German photographer (1874–1932)

Ernst Gottmann (7 August 1874 – 30 May 1932) was a German photographer who operated a photography company in Heidelberg. His photography focused on portraiture and architecture. Gottmann handed over his business to his son in 1928, and it remained in the family until the 1970s. A cache of their photographs was discovered in 1975 and featured in a 1980 exhibition in Heidelberg.

==Life==
Ernst Gottmann was born on 7 August 1874. Fifteen years later, in 1889, he began taking photographs at Hauptstrasse 100. He began photographing locally prominent people six years later. In 1899, he married Lina Schellmann. In 1901, he founded the Heidelberger Fachphotographen-Vereinigung, a photography company, in Heidelberg. When Heidelberg University was being built from 1904 to 1905, he photographed the building progress. A year later, he moved to Bienenstrasse 6 and moved his business into that house. In 1907, he was recognised by Frederick II, Grand Duke of Baden as having been "Hofwürdigkeit". In July 1912, he organised the Allgemeine Deutsche Photographische Ausstellung zu Heidelberg. While at this event, Frederick II inducted him into the Order of the Zähringer Lion and the Friedrich Order.
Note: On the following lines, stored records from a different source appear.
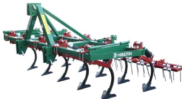
CM-11 L Rastra
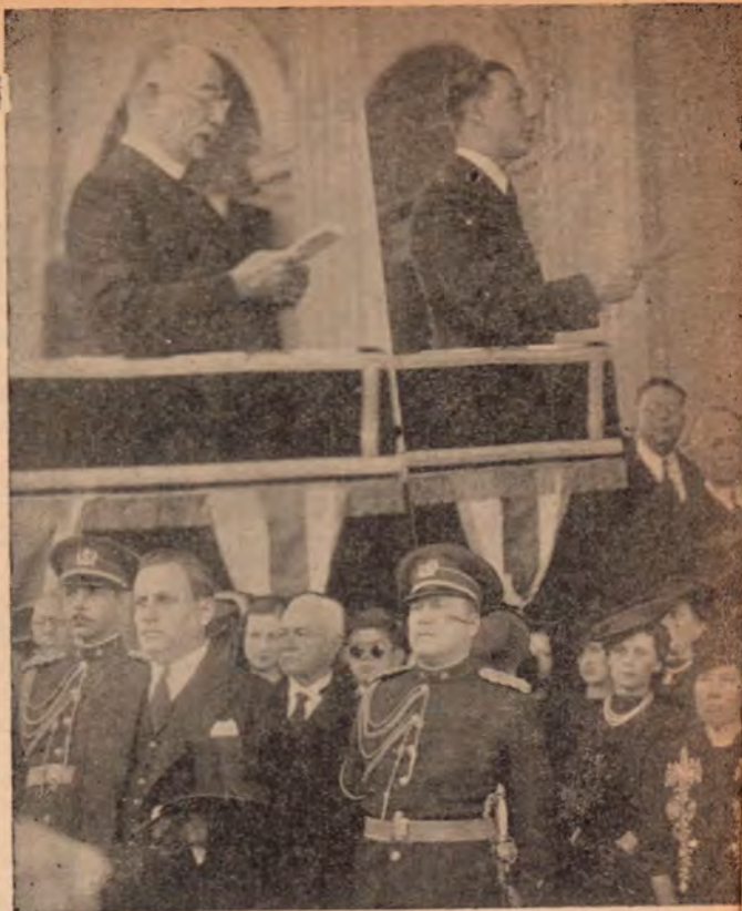
Pronunciaron elocuentes discursos: nuestro ilustre Canciller Lic. don Alberto Echandi y el Excmo. Sr. Ministro de Guatemala don Alfonso Carrillo.

Un caballero en la más limpia acepción del vocablo murió el 19 de marzo. Un caballero que vivió en continua función de nobleza. Se prodigó sin cálculos en la vida del hogar — santuario de paz y honor; — se prodigó en la vida pública, en la cual deja escrita una página sin manchas; se dió por entero al servicio de Costa Rica, ya desde diversas secretarías de estado, de altas posiciones
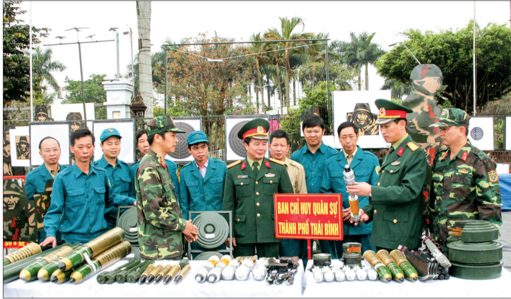
Gian trưng bày mô hình học cụ phục vụ huấn luyện của Ban CHQS thành phố Thái Bình.

Thực hiện các biện pháp xây dựng LLVT địa phương đáp ứng yêu cầu nhiệm vụ, Ban CHQS thành phố đã phối hợp với các ngành và địa phương thực hiện sắp xếp tổ chức biên chế, xây dựng lực lượng theo đúng hướng dẫn.
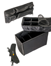
1435 Divisores acolchados

In his photography company, he specialised in taking portrait photographs of the local bourgeoisie. He personally knew the local figures in this class and they liked him. His other specialisation was in architectural photography, including the photographs of the construction of Heidelberg University. These photographs have come to be known as the "Gottmann'sche Tafeln". In 1928, he founded the Schlossphotographie photography company, which specialised in taking photographs of people in front of historic areas. His son, also named Ernst Gottmann, took over the main business in that year. Gottmann died on 30 May 1932.

==Business and legacy==
His main photography business remained in the Gottmann family until 1971, while Schlossphotographie remained under family management until 1977 or 1978. In 1975, a collection of negatives was discovered in the basement of their old studio by a pair of architects. This cache included over 20,000 photographs of local people and architecture. After they were prepared by local art history students, they were exhibited in Heidelberg from 6 January to 27 February 1980. The purpose of the exhibition was to connect with the parts of the city that had been destroyed since the photographs were taken. 9022 people visited it, provoking a debate on the redevelopment of the city.